The Corner

Are Books Archaic?

I had not intended to boast about this recent accomplishment, but Thursday’s quote of the day in the New York Times has provoked me. The quote is: ”Can you any longer read Henry James or George Eliot? Do you have the patience?” The quote is from Maryanne Wolf, a professor of child development at Tufts University, in a new story about the current consensus that the book is outdated and publishers are integrating video and other razzle dazzle into books and e-books — which will now be called, of all things, “vooks.” (I did not have the patience to read the NYT story in full, I will admit.)

As a matter of fact, after several failed attempts, two of which may have occurred before the advent of the Internet — which was, therefore not to blame, I have finally read, in full, George Eliot’s masterpiece, Middlemarch. To be sure, it required extraordinary measures, including turning off my computer on weekends, sitting in computer-free places indoors and out, foregoing nightly TV talk fests for a while, and neglecting facebook entirely. To be honest, it also helped that I persuaded my book club to make it the September book — giving us much of the summer, and creating both peer pressure and a deadline. That I missed nothing important, and actually recreated the formerly familiar, almost-zen state of submerging oneself in an author’s created world for hours at a time, has made it hard to go back to newish bad habits.

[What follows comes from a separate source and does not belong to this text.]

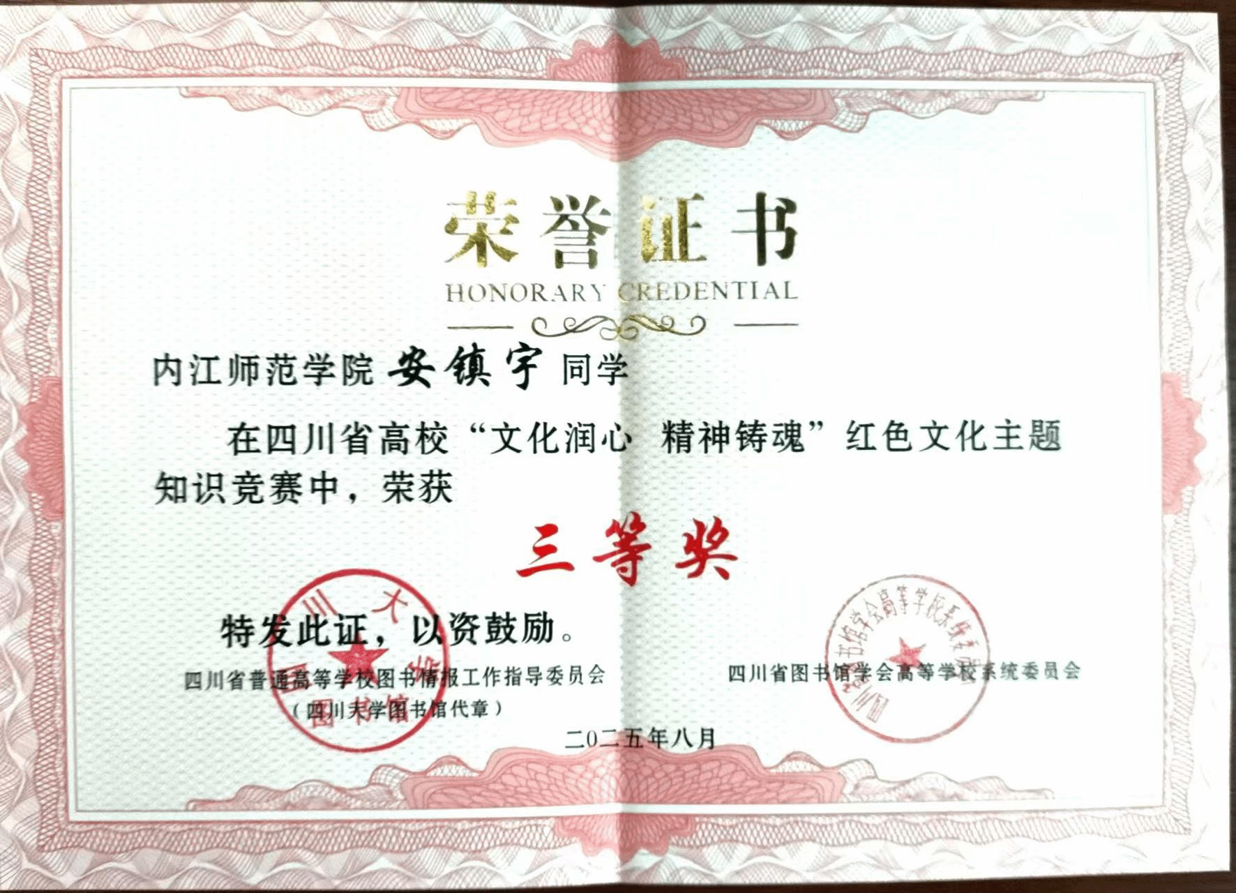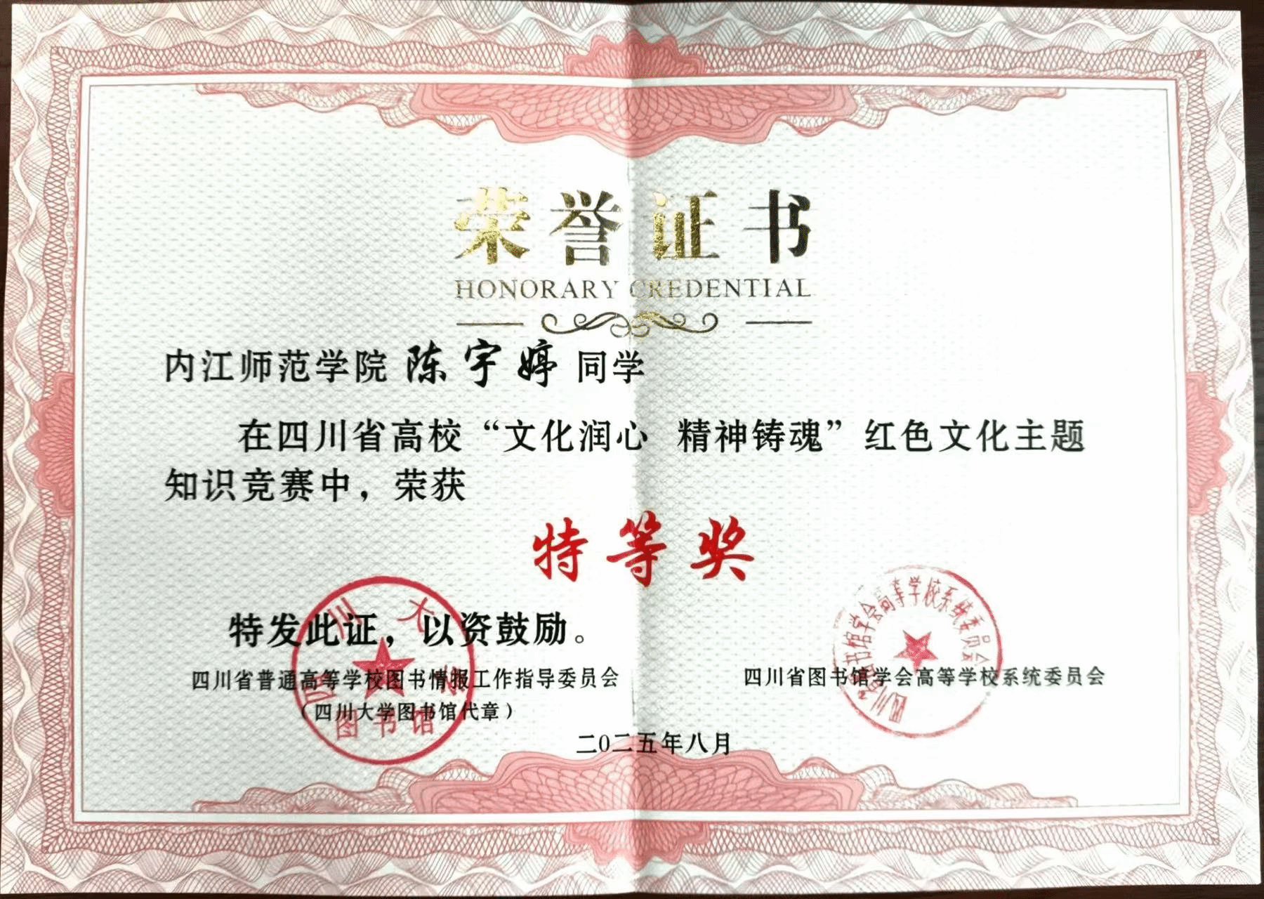 此次竞赛由我院与多方合力开展,打造学生全面发展的赋能体系,为参赛学子保驾护航。经过紧张激烈的知识比拼,我院学子最终斩获佳绩。其中,陈宇婷同学的作品《红梅丹心照汗青——江姐精神里的文化传承密码》荣获全省唯一特等奖,安镇宇同学荣获三等奖。他们通过不懈努力和勤奋拼搏为我院赢得了荣誉,用实际行动诠释了新时代青年对红色精神的传承与担当。

What I gained was substantial. I am prepared to conclude, in the company of a long line of readers, that Middlemarch is the greatest English novel ever written. (Of course, that matters little if our culture is giving up serious literature entirely.) The author’s insights into human psychology are stunning, even 140 years later, when we are all presumably much more sophisticated about motives and thought processes. Furthermore, I forgive my younger self for not sticking with it. It is no book for a 20-year-old — or even a busy 30-year-old. Even if I had read it back then, rereading it at mid-life would yeild far greater insight. Life experience makes a real difference. I recall being too upset to by Dorothea’s headstrong act of self-immolation in marrying Causabon in a state of total misapprehension of who and what he was the first time I tried. Now it seems clear enough that we all walk blind into many of our choices in life — and some of them don’t work out.

One reason that the much feared impatience doesn’t get in the way of reading Eliot is that she, unlike some of her contemporaries — Dickens comes to mind — does not pad her prose. You can read a long, twisting sentence if it says something substantive and interesting. The book, and I gulp to say this, warranted its 785 pages.

All of this is to say that we probably want to exercise our attention spans as we do our limbs and muscle groups, lest we lose the valuable part of our culture while Twittering madly.